Abbas claimed that Israel had committed “50 Holocausts” against Palestinians.

The remarks, during a news conference in Berlin alongside German Chancellor Olaf Scholz, sparked outrage in Germany, Israel and beyond. Scholz said Wednesday he was “disgusted by the outrageous remarks” made by the Palestinian Authority president.

He also rejected the use of the term ‘apartheid’ to describe Israel.

Police confirmed a report Friday by German daily Bild that Abbas was being investigated for possible infringements of laws making it a criminal offense to downplay or deny the Holocaust.

Abbas’ statement is consistent with replacement theology which denies the involvement of Palestinian leadership in the tragedy under Amin al-Husseini (pictured touring concentration camps with German high command) and the result is Nakba inflation, in which massacres of Jews by Arabs in the Middle East, including expulsion and cession of land owned by Jews, some 100 000 square km of deeded property, is rendered invisible.

Nether remarks by Abbas or Sholz received media coverage in South Africa. Instead, I awoke this morning to press releases from local rights organisations such as South African Jews for Free Palestine (SAJFP), objecting to seven Palestinian civil society and human rights organisations ‘forcibly shut by Israeli raids on Thursday’. A tragic case of injustice versus injustice in which both parties to the conflict feel emboldened to deny the rights of the other?

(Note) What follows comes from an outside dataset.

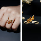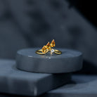 Effortlessly stylish and full of charm, this Engagement Ring Guard brings a fresh, radiant touch to your jewelry collection. Thoughtfully crafted in 14k yellow gold plated silver with a graceful design, it is the perfect enhancer to elevate the look of your existing solitaire or engagement ring. At the heart of this Bridal Enhancer Ring are pear shaped natural citrine stones, carefully set in prongs to create a delicate leaf-like pattern. A dainty round brilliant cut lab grown diamond, adding a touch of sparkle and contrast that completes the overall look with sophistication. This Wedding Ring Enhancer is designed to wrap around your engagement ring, transforming its look while adding elegance and brilliance. Its chevron-like pattern gives your finger an elongated appearance, enhancing the visual appeal with a touch of classic charm. Whether you are looking to upgrade your bridal set or simply add more dimension and sparkle, this Yellow Gold Enhancer Ring offers a simple yet impactful solution. The combination of AAA quality Citrine and EF-VS quality lab grown diamond makes this piece both meaningful and ethically beautiful. Whether worn daily or for special occasions, this enhancer brings new life to your ring and ensures all eyes are on your hand. Presented in a signature jewelry box and comes with a gemstone certificate, it is a gift to treasure, for yourself or someone you love.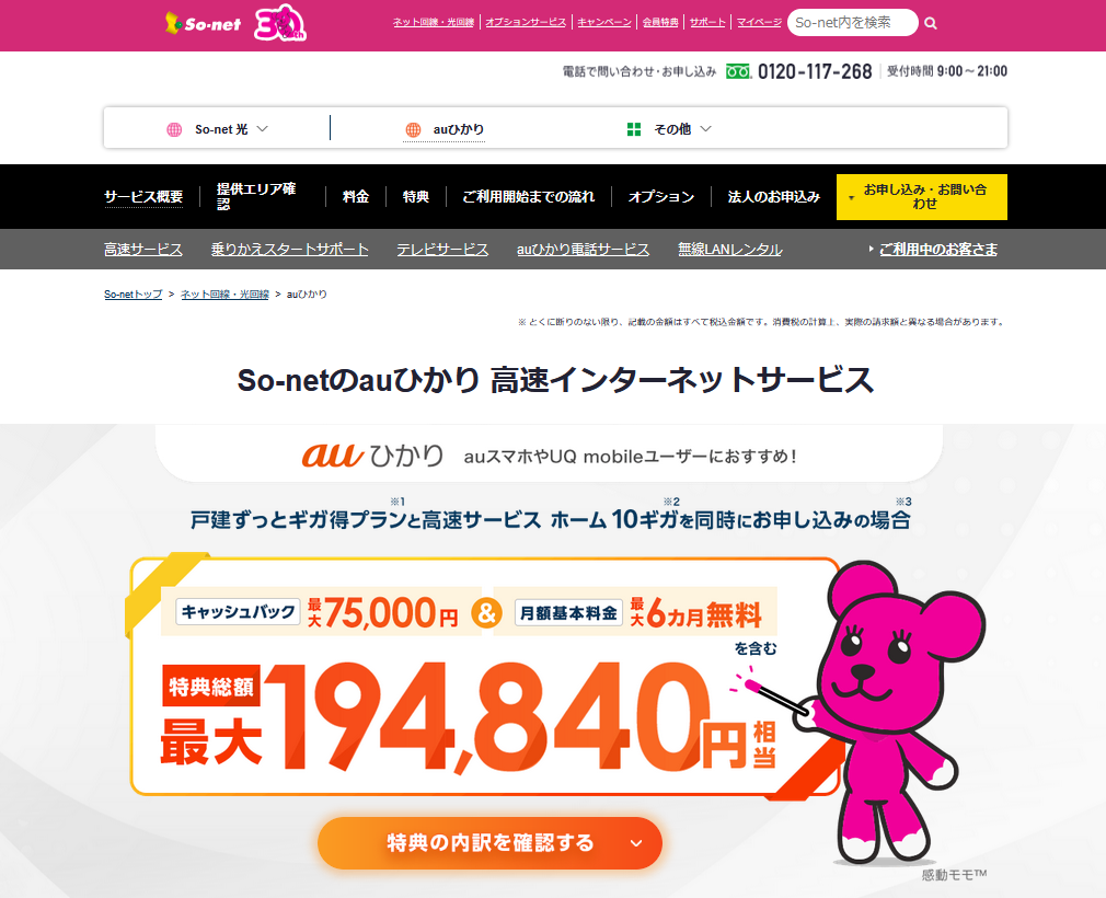 auひかりをSo-net経由で申し込む。

The reasons offered by Israel seem to be allegations the organizations are being used as ‘fronts for terror activities’. JFP were quick to point out this was a common accusation made during the State of Emergency under apartheid. Whether the result actually translates into apartheid is another matter.

One can only hope the SAJFP is as vocal in its objection to Holocaust denial and will provides readers with an explanation as to why there is currently no Secular Freedom Charter in a struggle which purports to be analogous to the struggle against apartheid.